If these Christian authors had the Old Testament background to the New Testament more in mind, what might they say about the mother of all plagues, the one that forms the background for the Lord’s Supper, the Eucharist, even the Mass. That plague, as Psalm 78 has it, was also at the center of the Exodus, the Old Testament redemptive historical event that inspired many of the modern world’s social justice activists:

42 They did not remember his power
or the day when he redeemed them from the foe,
43 when he performed his signs in Egypt
and his marvels in the fields of Zoan.
44 He turned their rivers to blood,
so that they could not drink of their streams.
45 He sent among them swarms of flies, which devoured them,
and frogs, which destroyed them.
46 He gave their crops to the destroying locust
and the fruit of their labor to the locust.
47 He destroyed their vines with hail
and their sycamores with frost.
48 He gave over their cattle to the hail
and their flocks to thunderbolts.
49 He let loose on them his burning anger,
wrath, indignation, and distress,
a company of destroying angels.
50 He made a path for his anger;
he did not spare them from death,
but gave their lives over to the plague.
51 He struck down every firstborn in Egypt,
the firstfruits of their strength in the tents of Ham.
52 Then he led out his people like sheep
and guided them in the wilderness like a flock.
53 He led them in safety, so that they were not afraid,
but the sea overwhelmed their enemies.
54 And he brought them to his holy land,
to the mountain which his right hand had won.

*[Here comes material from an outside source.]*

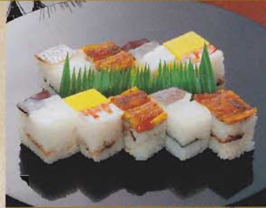
Osaka-style sushi (Yoshino Sushi)

Sushi in general comes in the form of nigiri topped with a slice of raw fish. Osaka-style sushi is made by placing the sushi rice and the topping in a mold. Every topping is either cooked or seasoned such as vinegar marinated mackerel and omelet. It is unique for its flavor improves as it matures.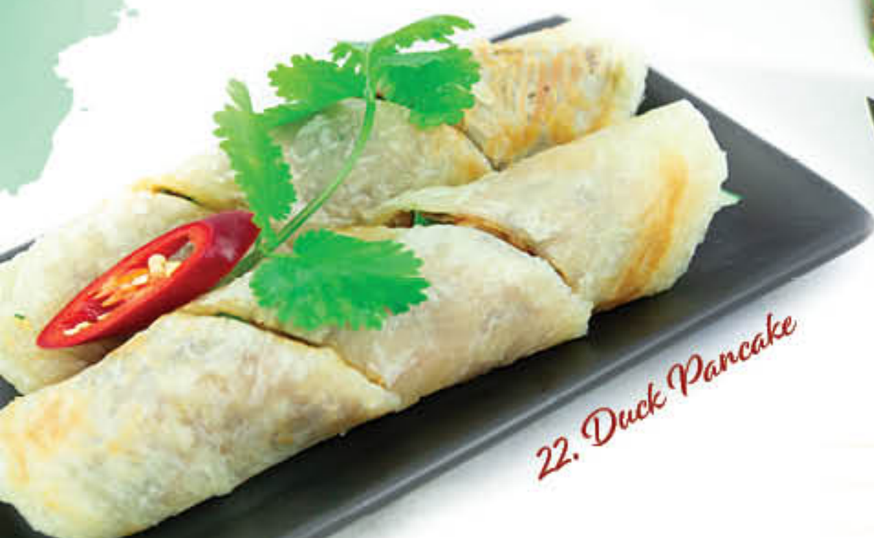
22. Duck Pancake

***Let our staff know if you have any food Allergies*** All price inclusive GST | Price subject to change without notice

If Christians identified more with Old Testament saints than with modern humanitarians, then, would they be more inclined to view COVID-19 as God’s judgment on a neo-liberal, morally indifferent, systemically unjust society and a hypocritical evangelical church? You could even turn in this into God’s judgment on a nation’s president who is entirely without a moral compass.

Then again, invoking God’s righteous judgment on a wicked society is so Pat Robertson (though anti-Trump prophets are hardly Mr. Rogers).

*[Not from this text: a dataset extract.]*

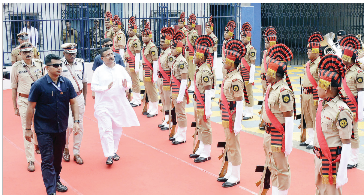
Newly elected Chief Minister of West Bengal Suwendu Adhikari inspects Guard of Honour at Nabanna on Monday

MI News Service, Kolkata: New Chief minister of West Bengal Suwendu Adhikari was given a Guard of Honour by the state police at the state Secretariat 'Nabanna' when he enters there for the first time as the CM on Monday.

2 thoughts on “The Old Testament Church and Plague(s)

  1. The effete evangelical response to any crisis anymore is both humorous and ho-hum. The phrase “the fear of God” is not part of their mentality anymore. So any crisis is an opportunity for them to pontificate and manipulate the meaning and ethos of the Gospel of our Lord Jesus Christ. They always seek an advantage in a crisis situation but always lose ground afterward. Very predictable. God is just.

    Liked by 1 person

  2. We must remember that these plagues would not have happened had Adam and Eve obeyed the Lord. “So the Lord God asked the woman, “What is this you have done? And the woman said “The serpent deceived me, and ate.” Gen 3:11-12. We are all descendants of Adam and Eve and are subject to God’s punishment and the disruption of what was a perfect existence with our Lord. Everywhere there is the result of this act- plagues, illness, sorrow, sickness, corruption. Genesis 3 discusses the first willful act of disobedience, that led to all of this. We had a perfect relationship with God then, but that single act of faithlessness brought every sickness, plague, etc on us. So have mercy on us. Lord. “We confess to you that we have sinned by our own fault in thought, word and deed; by what we have done, and by what we have left undone” (Doug Watson, Redeemer OPC). It’s not only what is going on in our current society, but dates back to the Garden of Eden.